GS: This is going to be handled by character string literals. We want intuitive string literals to be available (independently from the ITS). String literals make most sense for XML ITS, since one of the benefits of XML are the alleged "human readability" of the raw XML source. This readability would be enhanced by literals that are friendly to the human eye, rather than composite structures that just reflect the abstract syntax or semantic components.

Clarifying question by Mark Shafarman: those literals would be defined for all ITSs alike. An ITS may or may not choose to deploy a literal form for a fine grained composite element.

4. Annotation should include codes. With this, Stan points out that in the notes and the Orlando Report some conclusions not actually reflect the consensus of the respective phone conference.

GS: I admit that in some places I diverted from what we settled in the calls. Those areas are:

Annotations, where after reading Stan's list of examples for coded annotations, I was - frankly speaking - so disgusted, that I just could not justify to write down a proposal to allow for this kind of chaos in version 3. (Note that Stan's list is a compilation of what he has found in reality, this is not his suggestions of how things should be done.)
I stepped back from the idea that we would merge the data types for physical quantities and monetary amounts. I made this decision on Friday night before the Orlando meeting. I saw very discuraging practical disadvantages from merging the code systems for units of measures and currency units.

We will of course have to come back to those issues to make sure the proposal reflects the consensus of the task force. I invite everyone to stand and write down a consistent argument that would defeat my choice.

The question of the two data types for physical and monetary quantities was also addressed in my recent public e-mail discussion with Woody Beeler. What it boils down to in part is: when do we deploy domain constraint and when do we define a new data type.

Stan Huff put it this way (and I very much agree): When a data type with a certain constraint is reused in many places, this would suggest to define a top-level type name for the data type with this particular constraint. The advantages are consistency and maintenance. a type name would guarrantee consistency in the way the constraint is expressed, since the same constraint is just reused not rewritten. If a change needs to be made to the constraint, it can be made in just one place and take effect at all points of use.

GS: However, this maintenance issue has a straight flip side: if the same type was used in different places with different intentions and assumptions, and the modification renders any of those assumptions questionable or invalid, then it would have been better to not subsume the particular type-constraint-configuration unto one data type name. This is what I mean that types ought to be clearly defined semantic entities so that you can be sure that they used everywhere with the same intentions and assumptions.
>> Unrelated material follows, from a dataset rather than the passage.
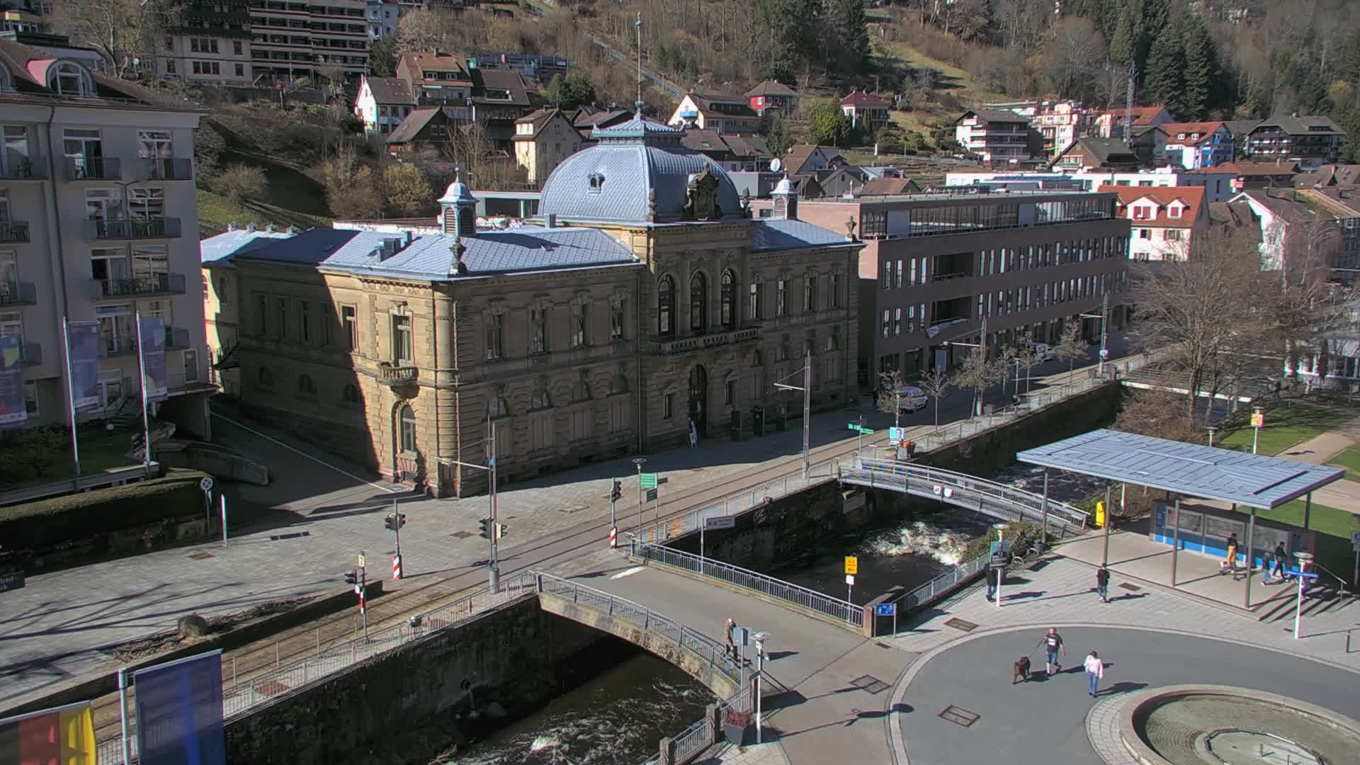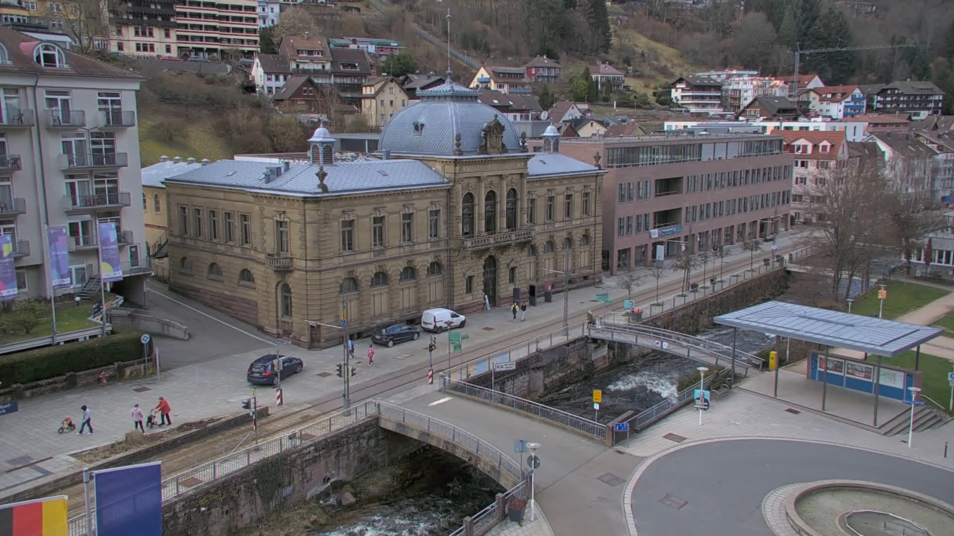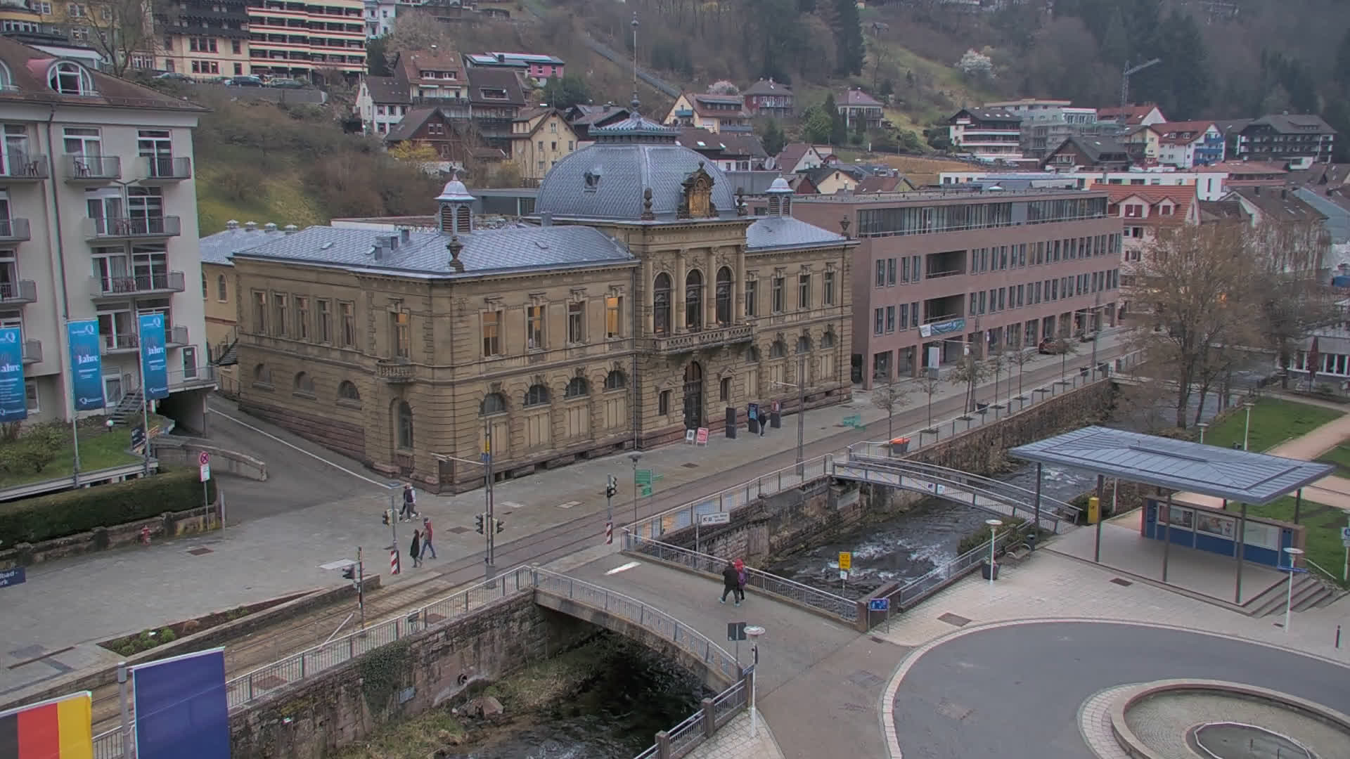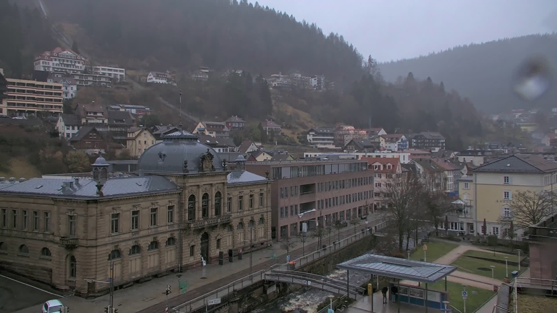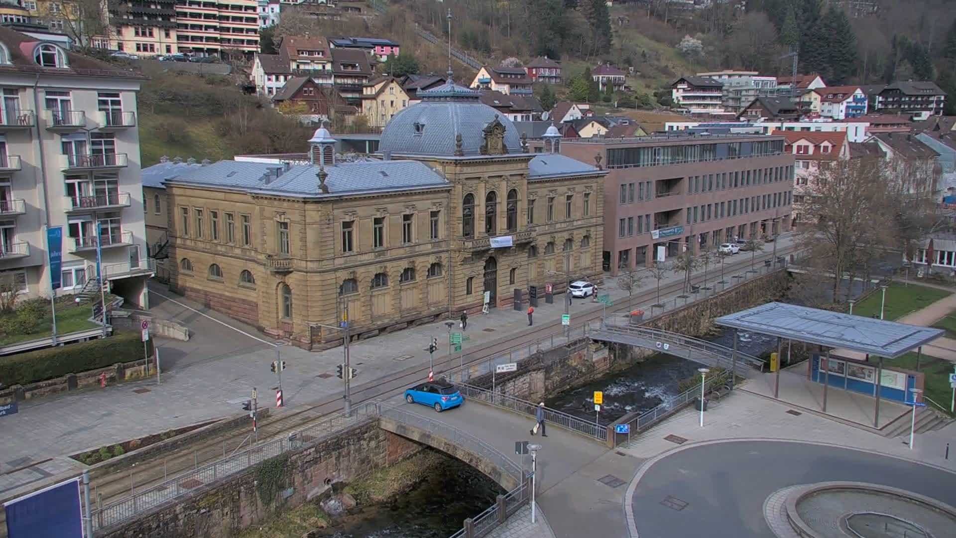 Bad Wildbad, Deutschland - 11.7 km von Altburg: Blick auf den Kurplatz - Live-Stream auf den Kurplatz und die S-Bahnhaltestelle (Flashstream oder Active-X).

4. Stan believes that the data type models are exactly the way they should be from a semantic point of view. However, practical simplicity in the use of those types could be reached by flattening the models For example, number - interval - measurements - ... - are now expressed through nested generic types, but those structures may suffer difficulty in use.

Namely, the access paths of deeply nested types are quite long, which Stan regards as being a problem. For instance, suppose we defined type T nesting types U and V. The accessor path would be t.u.v insetead of simply t.v if the U-level would be flattened away.

However, Stan agrees that flattening is only possible if multiplicities are 1 to 1.

5. Do we understand the TII now? How do we support the use cases people associated with the "assiging authority" information. E.g., how can I call somebody to ask whether the specimen of my order was good? How can I contact a person in charge of some object? How can I contact a system that hosts a given object?

Woody Beeler

From the e-mail discussion, Woody likes to follow up on two central issues:

1. Representation of DTs as an HMD. Woody accepts my concern about abstract syntax being the normative part of the high level HL7 specification. But he does not consider HMDs to be just abstract syntax definition either. Thus an ITS could use a different abstract syntax than the one suggested by a naive interpretation of an HMD.

An ITS specification of a data type (or any other part of an HMD) could use less components than the HMD specification suggests.

However, conformance and interoperability would require this mapping between different abstract syntaxes to be semantically isomorphic. This means that all the semantic components that we identify in the data type specification (or the HMD) must be recoverable in any of the representations.

With this corrected understanding of the HMD, type definition boxes used in our DT proposal are very similar, if not the same, as HMD tables.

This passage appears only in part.